(Given records Opens)

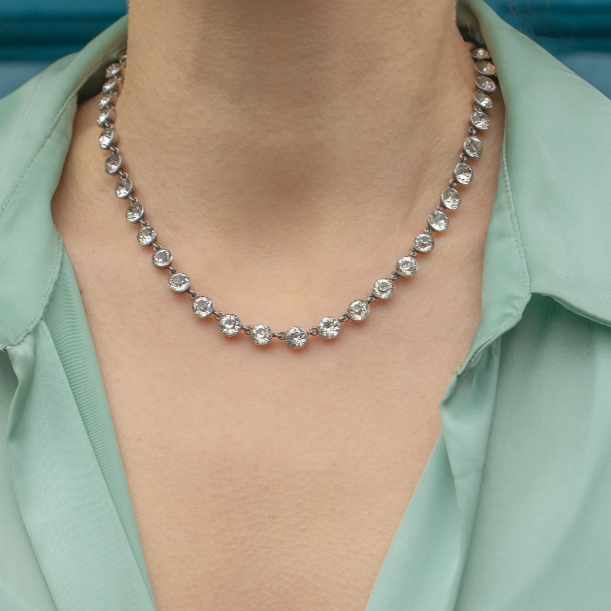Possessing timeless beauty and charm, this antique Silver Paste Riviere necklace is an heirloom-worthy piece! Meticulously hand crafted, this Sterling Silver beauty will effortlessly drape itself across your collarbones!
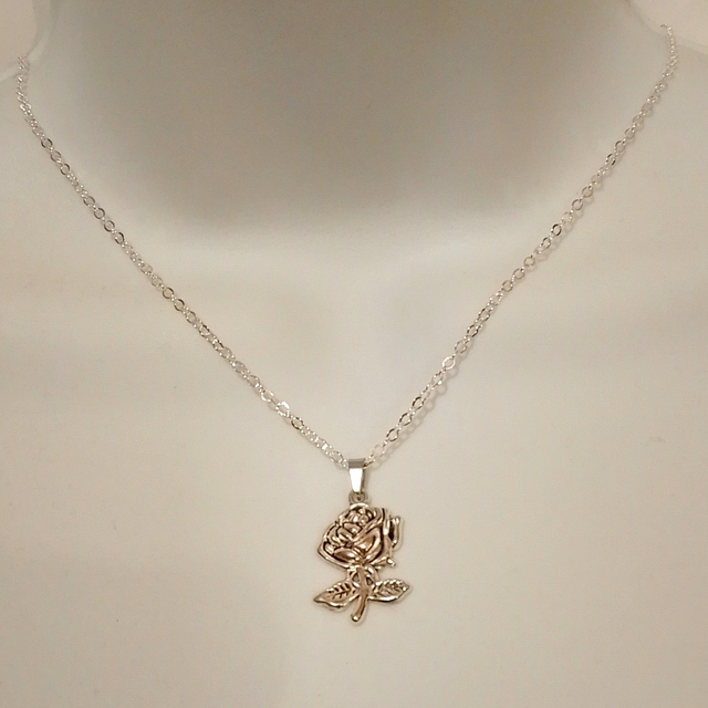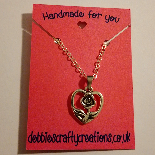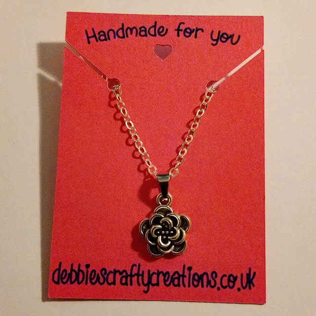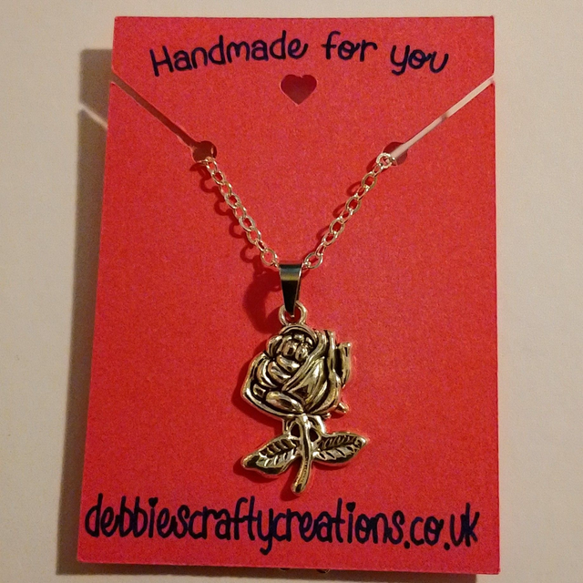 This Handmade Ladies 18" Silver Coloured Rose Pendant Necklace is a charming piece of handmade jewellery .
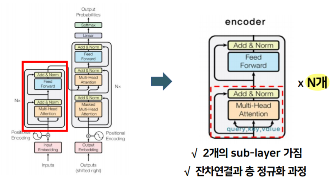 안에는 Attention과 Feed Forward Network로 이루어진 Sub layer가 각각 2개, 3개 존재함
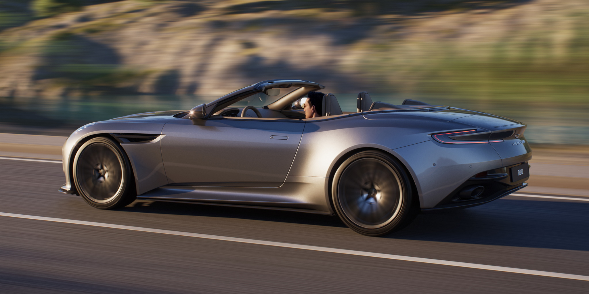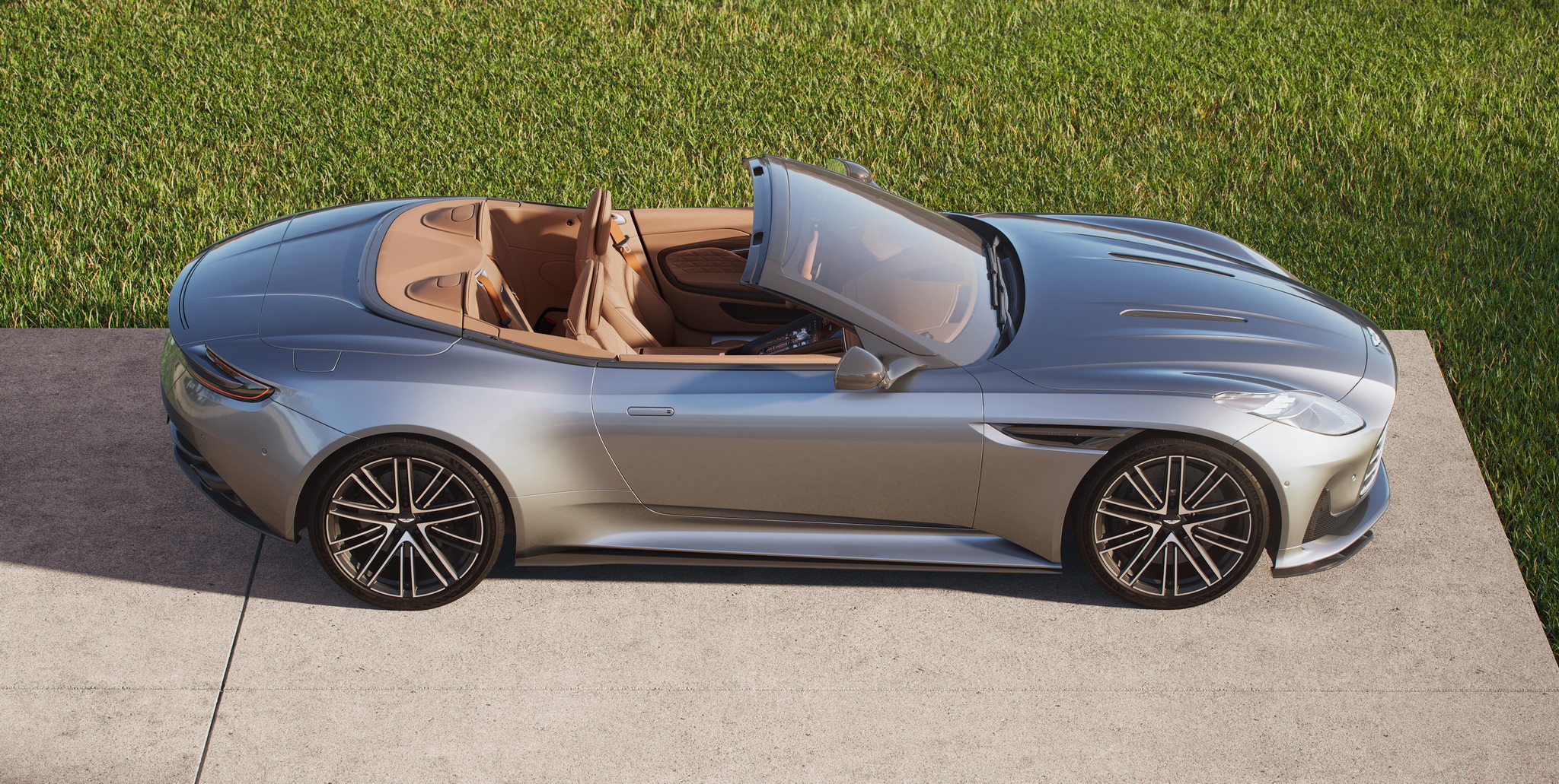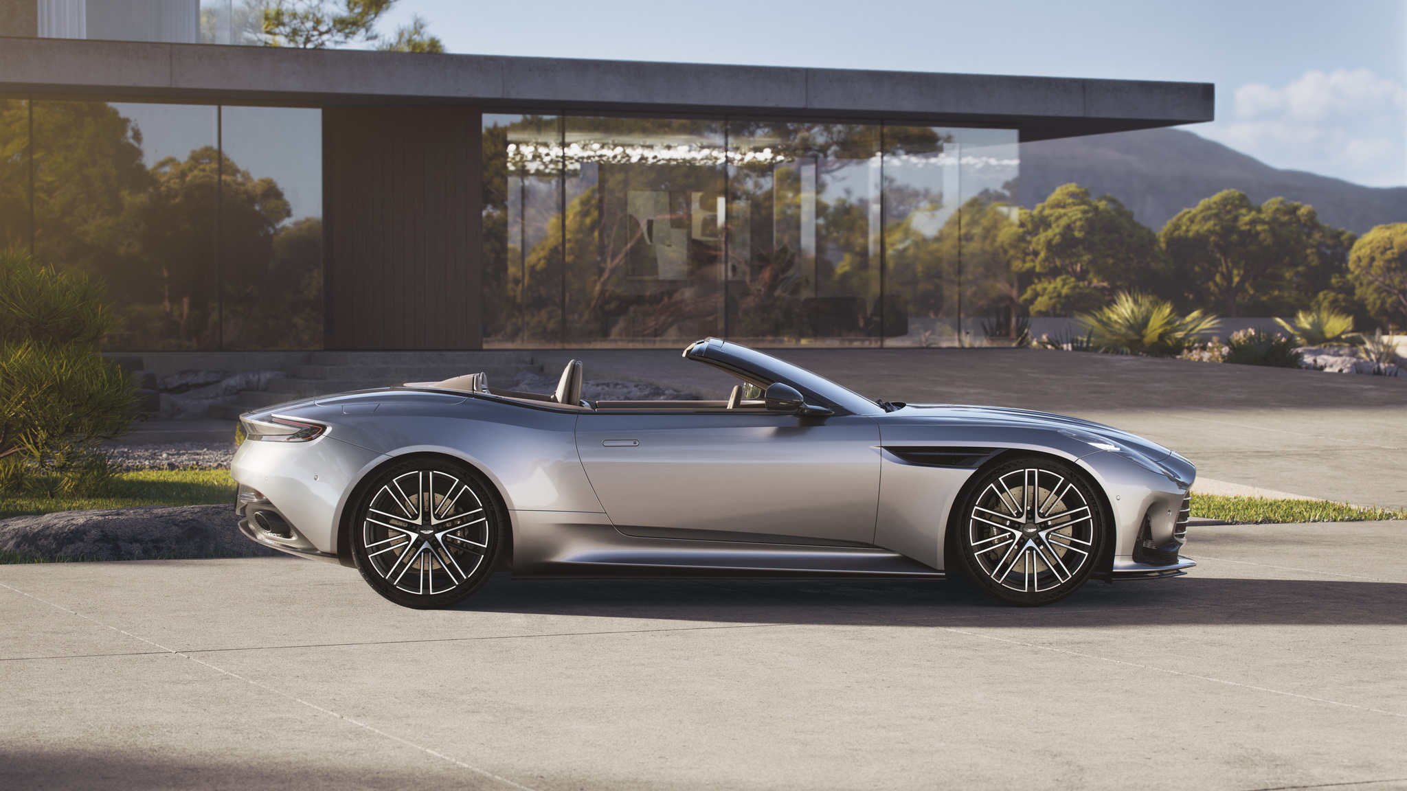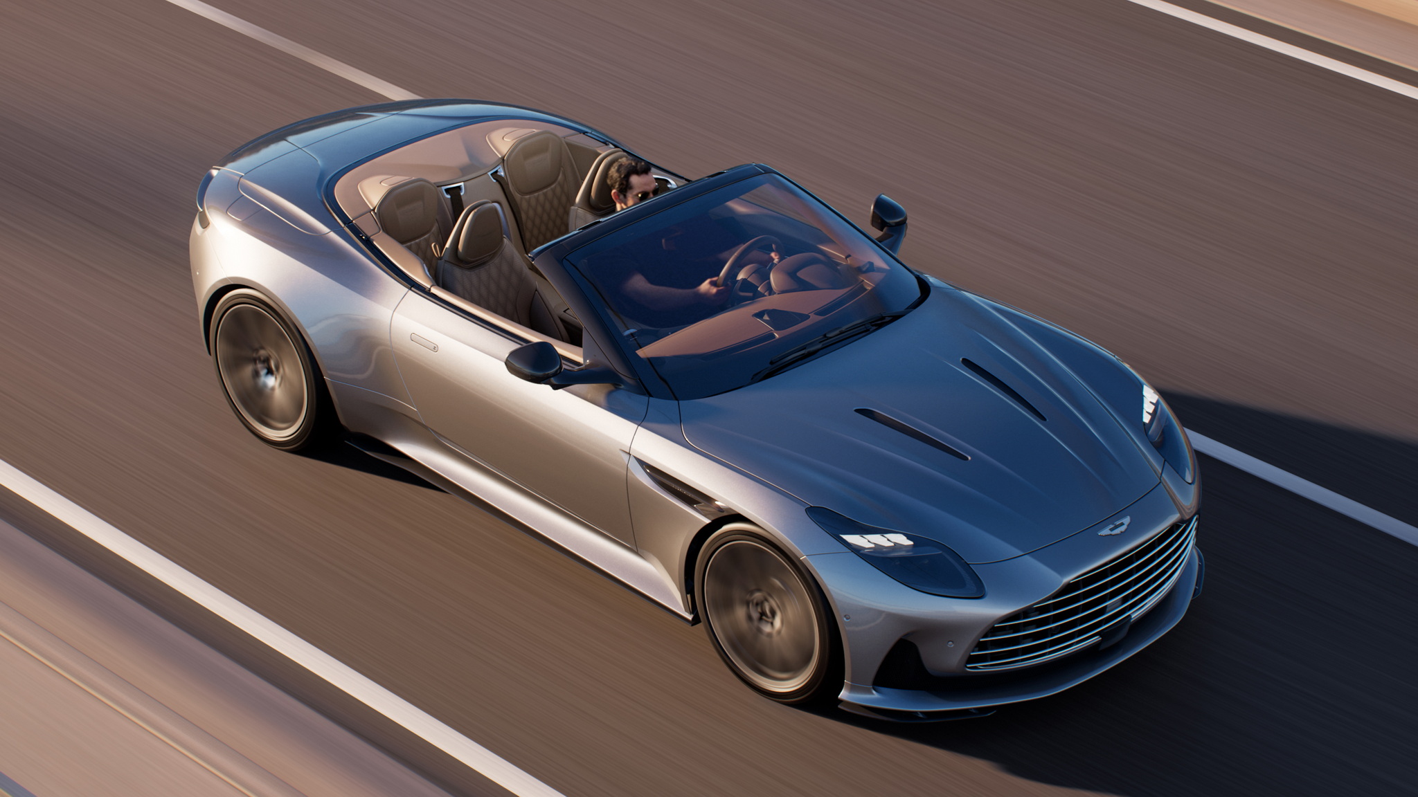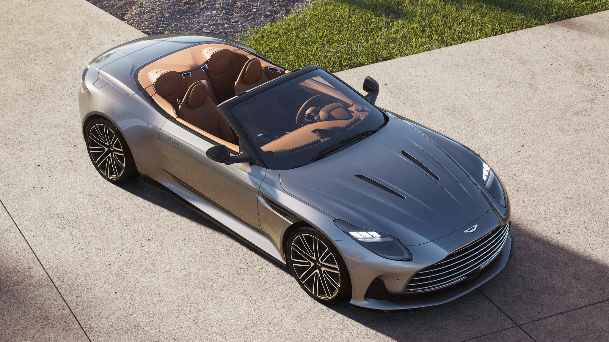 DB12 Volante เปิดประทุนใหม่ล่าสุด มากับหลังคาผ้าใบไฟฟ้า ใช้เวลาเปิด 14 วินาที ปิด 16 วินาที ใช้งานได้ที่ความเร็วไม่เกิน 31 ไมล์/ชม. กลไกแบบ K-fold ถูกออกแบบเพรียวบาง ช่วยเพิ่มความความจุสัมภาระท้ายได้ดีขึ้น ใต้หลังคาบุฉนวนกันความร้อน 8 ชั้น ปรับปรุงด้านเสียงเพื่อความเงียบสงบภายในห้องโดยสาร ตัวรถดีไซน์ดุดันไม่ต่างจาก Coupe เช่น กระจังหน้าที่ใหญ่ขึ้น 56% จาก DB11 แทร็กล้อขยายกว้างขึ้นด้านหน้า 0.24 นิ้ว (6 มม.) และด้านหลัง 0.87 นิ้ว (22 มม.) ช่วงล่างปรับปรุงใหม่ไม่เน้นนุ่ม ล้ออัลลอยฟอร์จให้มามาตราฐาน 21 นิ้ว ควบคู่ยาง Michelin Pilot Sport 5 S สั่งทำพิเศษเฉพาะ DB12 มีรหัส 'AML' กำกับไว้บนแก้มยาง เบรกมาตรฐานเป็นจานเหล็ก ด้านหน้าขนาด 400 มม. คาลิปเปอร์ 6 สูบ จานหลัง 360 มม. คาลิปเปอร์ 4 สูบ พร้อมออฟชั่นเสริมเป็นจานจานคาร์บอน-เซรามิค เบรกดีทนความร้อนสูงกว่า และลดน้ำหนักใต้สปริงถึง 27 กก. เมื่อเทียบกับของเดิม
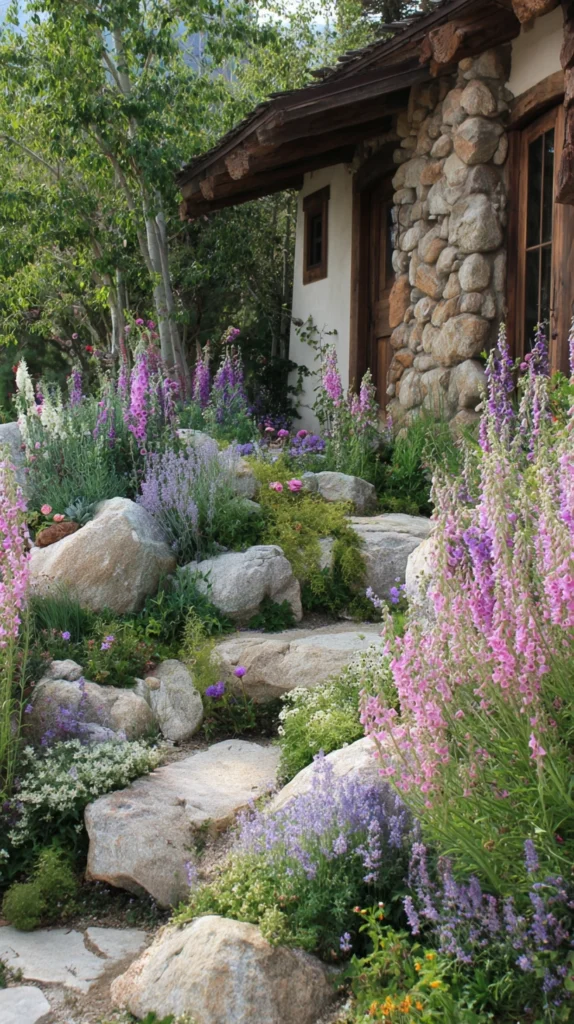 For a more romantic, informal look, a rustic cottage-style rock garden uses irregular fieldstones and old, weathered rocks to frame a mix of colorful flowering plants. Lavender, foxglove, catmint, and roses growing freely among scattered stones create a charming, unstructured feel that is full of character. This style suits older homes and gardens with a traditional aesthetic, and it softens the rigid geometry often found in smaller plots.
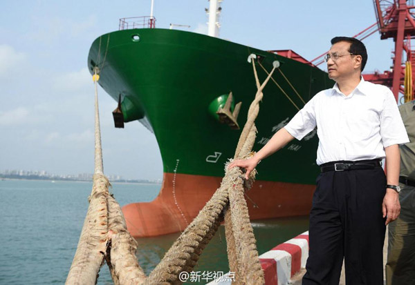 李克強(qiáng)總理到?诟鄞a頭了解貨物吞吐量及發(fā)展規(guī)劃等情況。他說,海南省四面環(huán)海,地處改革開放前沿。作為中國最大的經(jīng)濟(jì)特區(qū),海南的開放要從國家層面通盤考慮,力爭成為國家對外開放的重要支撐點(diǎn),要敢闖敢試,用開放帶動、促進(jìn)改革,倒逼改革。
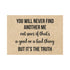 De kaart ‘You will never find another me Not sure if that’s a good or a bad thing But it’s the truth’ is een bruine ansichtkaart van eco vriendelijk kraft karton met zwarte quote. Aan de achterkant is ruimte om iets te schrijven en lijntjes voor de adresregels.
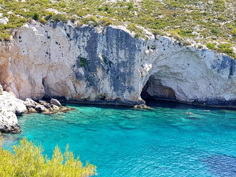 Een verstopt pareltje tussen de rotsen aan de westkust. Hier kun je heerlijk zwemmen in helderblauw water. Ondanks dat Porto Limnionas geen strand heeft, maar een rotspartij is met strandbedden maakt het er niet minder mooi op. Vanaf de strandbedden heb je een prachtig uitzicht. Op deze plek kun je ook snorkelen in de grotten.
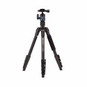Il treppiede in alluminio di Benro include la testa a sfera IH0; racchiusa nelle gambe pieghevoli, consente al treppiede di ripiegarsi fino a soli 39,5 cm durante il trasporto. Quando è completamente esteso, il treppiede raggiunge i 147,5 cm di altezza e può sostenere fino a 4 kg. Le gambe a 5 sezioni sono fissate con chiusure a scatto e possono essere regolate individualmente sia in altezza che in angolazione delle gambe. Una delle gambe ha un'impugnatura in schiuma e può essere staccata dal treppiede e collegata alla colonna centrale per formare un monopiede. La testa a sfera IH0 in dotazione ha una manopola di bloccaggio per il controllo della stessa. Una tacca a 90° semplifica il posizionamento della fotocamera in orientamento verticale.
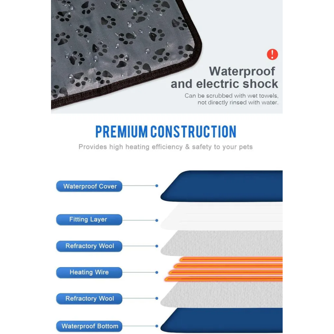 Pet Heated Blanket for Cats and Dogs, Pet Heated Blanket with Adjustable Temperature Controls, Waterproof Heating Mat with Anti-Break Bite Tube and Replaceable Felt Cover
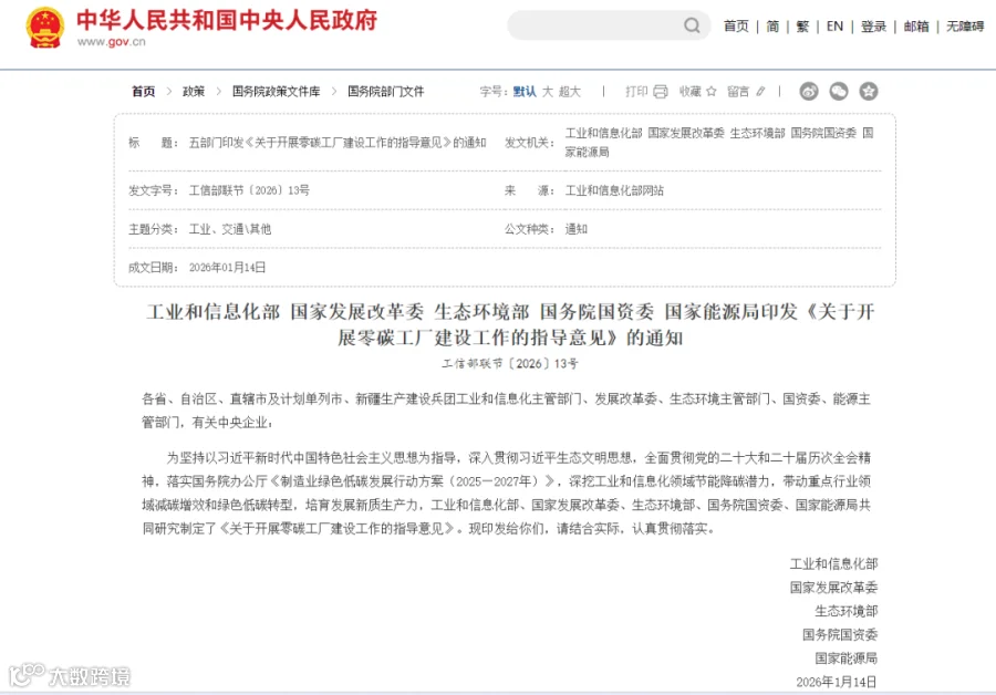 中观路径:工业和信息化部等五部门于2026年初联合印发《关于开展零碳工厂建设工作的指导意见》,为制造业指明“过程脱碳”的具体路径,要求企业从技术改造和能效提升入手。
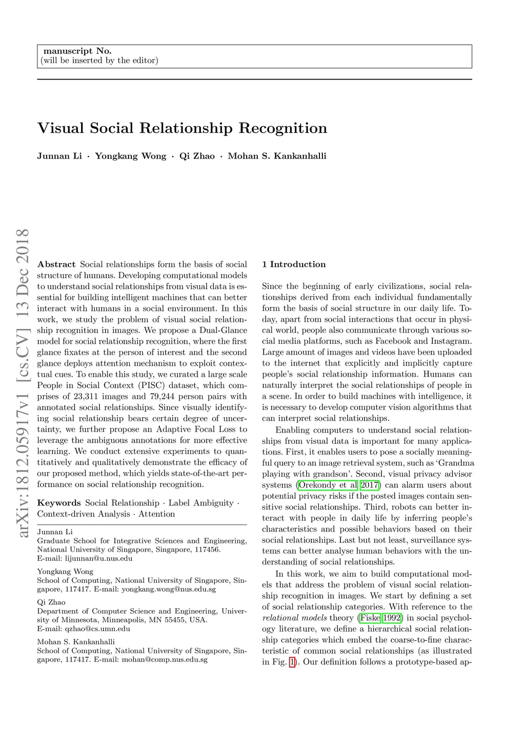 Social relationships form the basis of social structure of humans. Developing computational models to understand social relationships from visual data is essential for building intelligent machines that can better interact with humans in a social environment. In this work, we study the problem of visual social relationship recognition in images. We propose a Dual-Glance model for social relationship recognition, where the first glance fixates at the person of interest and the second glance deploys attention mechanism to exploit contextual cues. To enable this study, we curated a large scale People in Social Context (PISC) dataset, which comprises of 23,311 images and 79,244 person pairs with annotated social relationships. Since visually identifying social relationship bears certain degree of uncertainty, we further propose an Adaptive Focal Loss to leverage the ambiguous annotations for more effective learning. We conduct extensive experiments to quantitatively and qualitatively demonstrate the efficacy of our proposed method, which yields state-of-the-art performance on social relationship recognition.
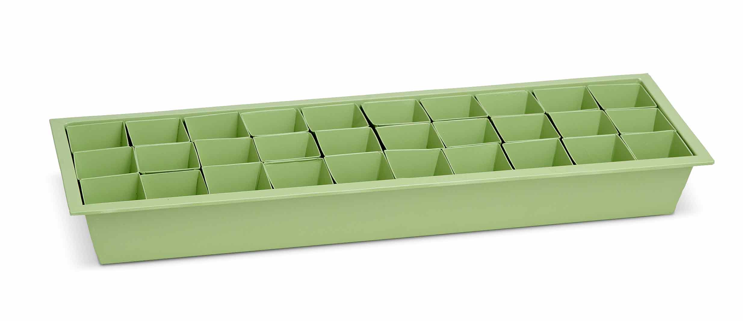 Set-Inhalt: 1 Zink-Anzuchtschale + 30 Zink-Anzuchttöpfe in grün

(Given records Closes)

**Directions**
Within the entries above, give again exactly the lines starting at the one that contains "This Handmade Ladies" and ending at the one that contains "안에는 Attention과 Feed", leaving out the pictures.

**Solution for this exercise**
 This Handmade Ladies 18" Silver Coloured Rose Pendant Necklace is a charming piece of handmade jewellery .
 안에는 Attention과 Feed Forward Network로 이루어진 Sub layer가 각각 2개, 3개 존재함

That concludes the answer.